朝から、さかなを焼き、香ばしい匂いで目を覚まさせ、お味噌汁(これはちょっと届けるか迷ったのだけどね)、出汁巻き卵とご飯のメニューにした。
奴はやはり窓に齧り付いていた。
昼は、ハンバーガーとポテトフライ、それにフルーツジュースで軽くすませる。
しかしさ、ポテトフライの匂いって、結構堪らないんだよねぇ。フフフ。
食べ終わると、おやつのドーナツをあげてパウダーシュガーを塗し、甘ーーい匂いをお届けしてやる。
飲み物は、紅茶にした。
これまた例の果物の皮を乾燥させた物を混ぜたフルーティーフレバーな俺のスペシャルブレンドである。
「あ、この紅茶、良いな。これ、売れるよね?」
「何んですか、この紅茶!! 滅茶滅茶美味しいです!!」
とアケミさんも大絶賛していた。
「よし、拠点で高級紅茶として生産して売ろう!」
俺が悪い顔でニヤリと笑うと、
「ハッハッハ、主君。この紅茶、絶対に王侯貴族連中の女性陣が取り合いする程に売れますぞ!」
とコルトガさんが太鼓判をつけてくれた。
ちなみに、この世界の紅茶は高級茶葉と言われていても、割と良い香りぐらいはするが、それ程美味いという訳ではない。
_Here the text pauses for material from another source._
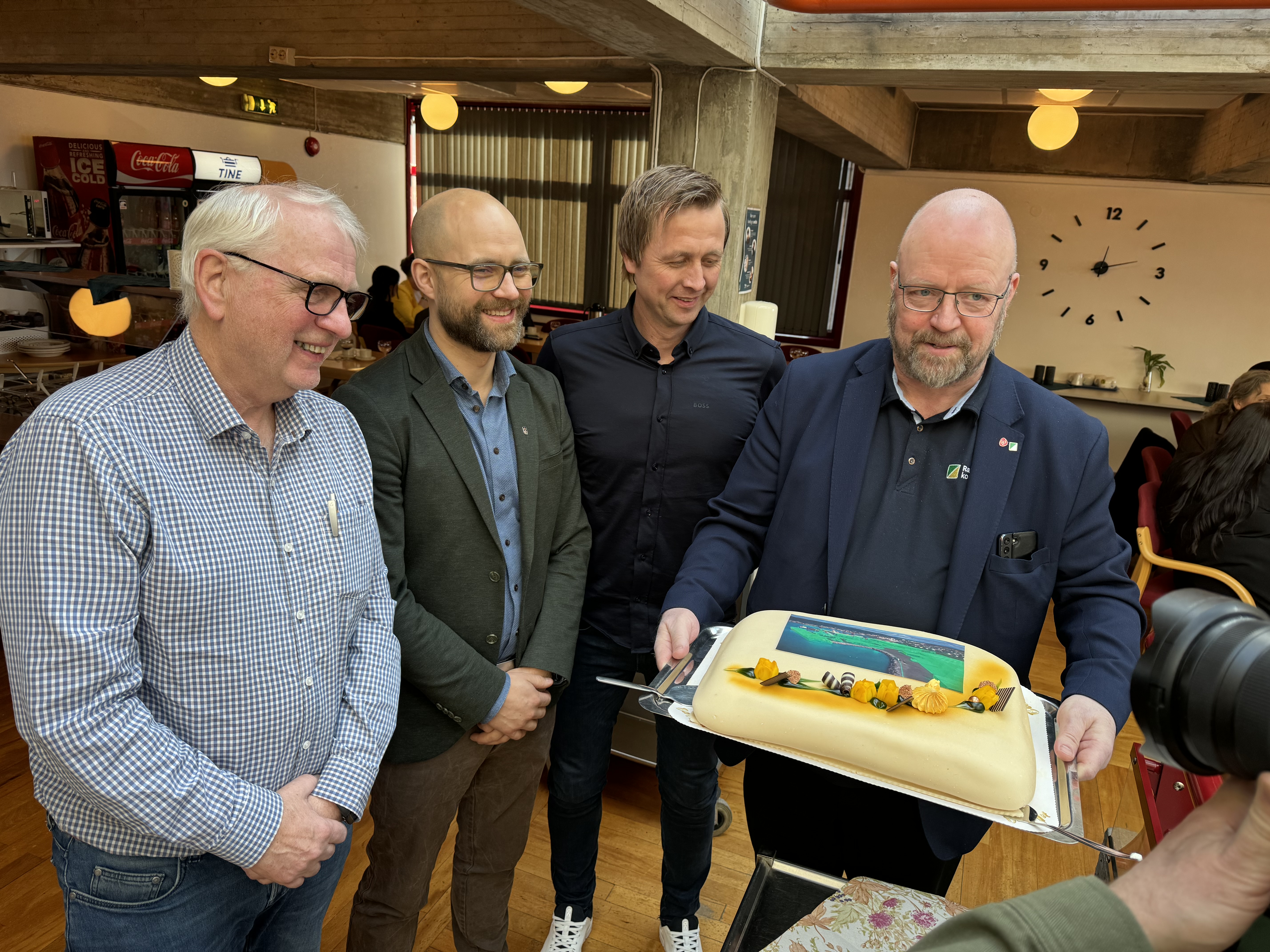 Kake i samband med signering av kontrakt, Vest Betong blir hovedentreprenør for Innseiling og dypvannskai Mo i Rana.

コーヒーは飲み物としてまだこの世にないので、緑茶かほうじ茶か紅茶かハーブティぐらいしか無い。
そば茶は俺が作った物で、イメルダ王国にも存在しないのだ。
ふむ、飲み物シリーズをラインナップするのも面白いな。
俺はおやつの間、30分だけ休憩したが、そのままパイ作りに熱中する。
ミートパイや、アップルパイ、ピーチパイ等を作り、空きスペースに竈(オーブン)を作り、焼き上げる。
甘くて香ばしいパイの焼ける匂いが堪らない。 勿論これもお届けしてあげた。
野外にオーブンを作ったので、今度は夜メニューにロースト・チキンならぬ、ロースト・ロック鳥を焼く。
ついでに、ミノタウロスのローストビーフも作った。
夕食は洋風として、メインディッシュはロースト・ロック鳥とローストビーフのオレンジソースとラズベリーソース添えにし、付け合わせのサラダとスープに焼きたてのパンを出した。
これまた大好評で、焼きたてのパンとバターの香りも堪らない。
デザートは、昼間に焼いたパイとコーヒー。子供らにはホットミルクにしてみた。
◇◇◇◇
それから5日間、悶絶している様子は判るのだが、本当にしぶとい。
菓子パン等焼いたり、様々な波状攻撃を掛けたが、ギリギリのところで踏ん張っているのだ。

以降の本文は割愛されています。